# 100 in Golden Mean Number System is Equivalent to 011

## Theorem

Consider the golden mean number system.

Let $p$ and $q$ be arbitrary strings in $\left\{ {0, 1}\right\}$.

Let $x \in \R_{\ge 0}$ have a representation which includes the string $100$, say:

- $x = p100q$

Then $x \in \R_{\ge 0}$ also has the representation:

- $x = p011q$

Similarly, let $x \in \R_{\ge 0}$ have a representation which includes the string $011$, say:

- $x = p011q$

Then $x \in \R_{\ge 0}$ also has the representation:

- $x = p100q$

That is, any instance of $100$ appearing in a representation of a non-negative real number $x$ is equivalent to $011$, and vice versa.

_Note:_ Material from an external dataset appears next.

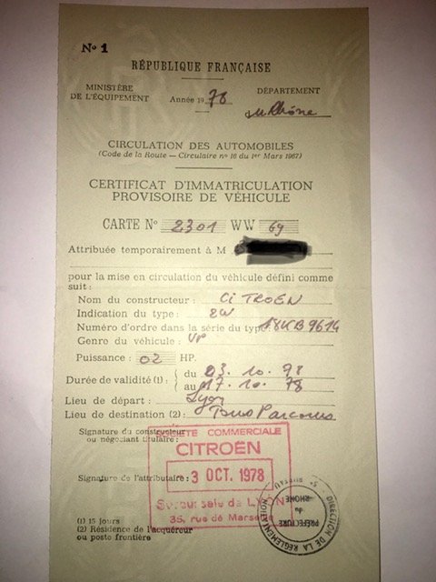 En lisant la notice technique récupérée chez une collègue, j'ai trouvé cette notice d'emploi et ce certificat d'immatriculation provisoire de la 2CV de ces parents.

Note that the instance of $100$ or $011$ may also include a radix point; the instance of $011$ or $100$ to which it is equivalent will include the radix point in the same location.

## Proof

Let $100$ appear anywhere within $x$.

Then:

- $x = \phi^r + \displaystyle \sum_{c \mathop \in C} \phi^c$

where:

- $C \subset \Z$
- $r \in \Z$
- $r \notin C, r - 1 \notin C, r - 2 \notin C$

That is, the instance of $100$ corresponds to the indices $r, r - 1, r - 2$.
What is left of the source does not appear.